Like all devices, there are good and bad variants. At the time of writing, the best devices in terms of performance and value for money are the Intel X25-M (best performance – opt for the recently released ‘G2’ variants which have G2 at the end of their product code) and the Crucial M225 (best value). There are heaps of others but if you want to cut down on the research: trust me these two SSD’s represent sound purchases.
Compared to a standard hard drive, SSD’s are considerably more expensive. You get far less storage space for your money. For example, you can easily get a 500GB laptop hard drive for under £100. Conversely, at the time of writing, £100 will only get you a 64GB SSD (the Crucial M225).

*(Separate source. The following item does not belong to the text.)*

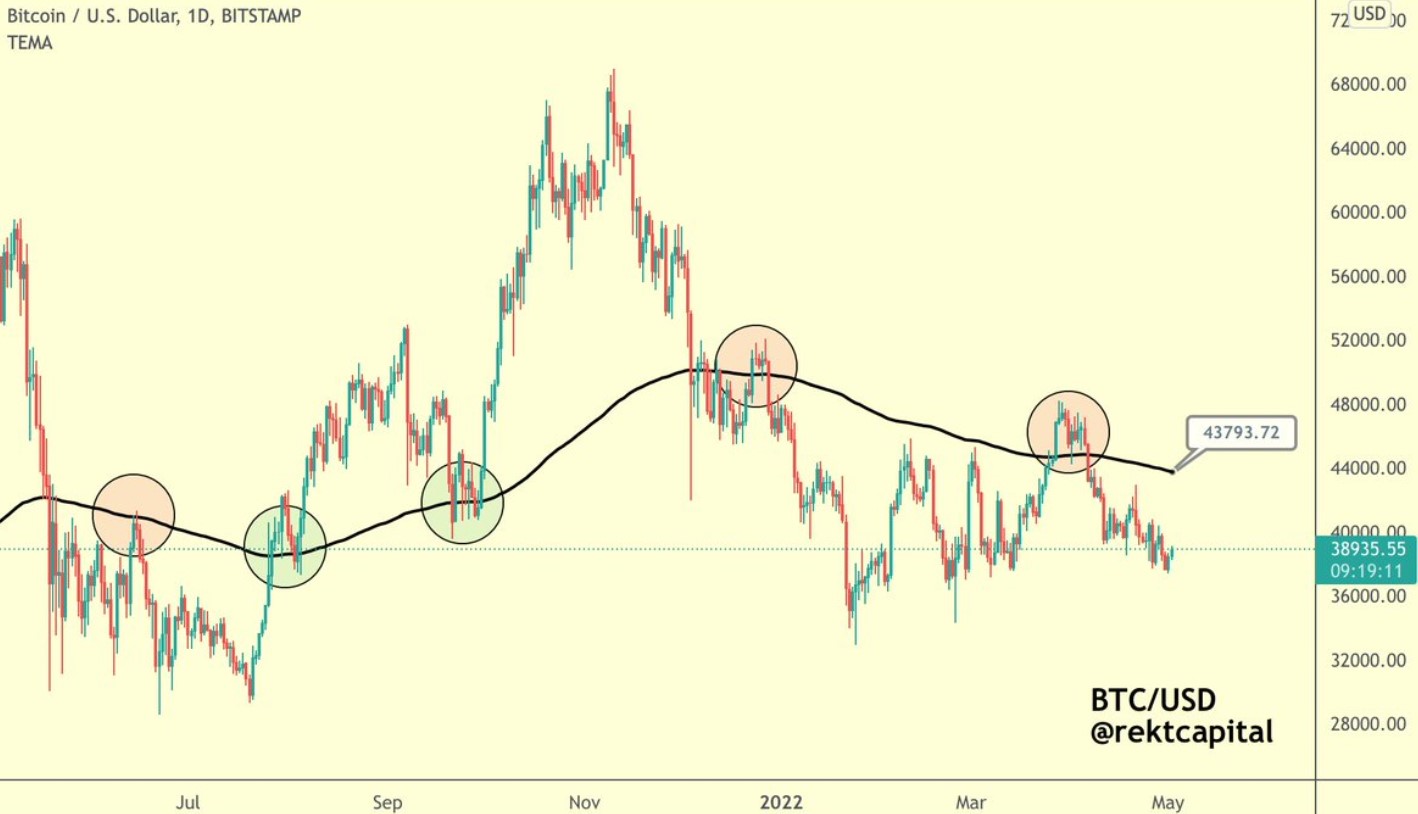 Theo nhà phân tích thị trường độc lập Rekt Capital, theo dõi mức đóng cửa trên đường trung bình động hàm mũ (EMA) 200 ngày là một cách dễ dàng để đánh giá điểm yếu hiện tại của Bitcoin. Nhà phân tích đã mô tả chỉ số này như một “chỉ báo về tình cảm của nhà đầu tư dài hạn đối với Bitcoin”.

However, in terms of the performance difference – we’re talking night and day; not just the slight improvement you would notice from a memory or processor upgrade.
A new way of working?
If you have a lot of information on your computer, switching to an SSD (and probably losing a lot of the space you would have ordinarily enjoyed) may mean a new way of organising your data. If you have lots of media (music, photos, movies) you may want to off-load that kind of content to an external or NAS (Network Attached Storage) drive. Or, the ultra cautious should just wait until SSD prices fall enough to make a 500GB SSD an affordable purchase for mere mortals.
So what difference, really?
I’ve just upgraded my 2009 MacBook Pro 13” from a 5400rpm internal hard drive to a 128GB Crucial M225 SSD. The difference is unbelievable. Other people’s computers feel like a ZX81 now. Read the full facts and figures and watch the rough videos about that upgrade in this related post…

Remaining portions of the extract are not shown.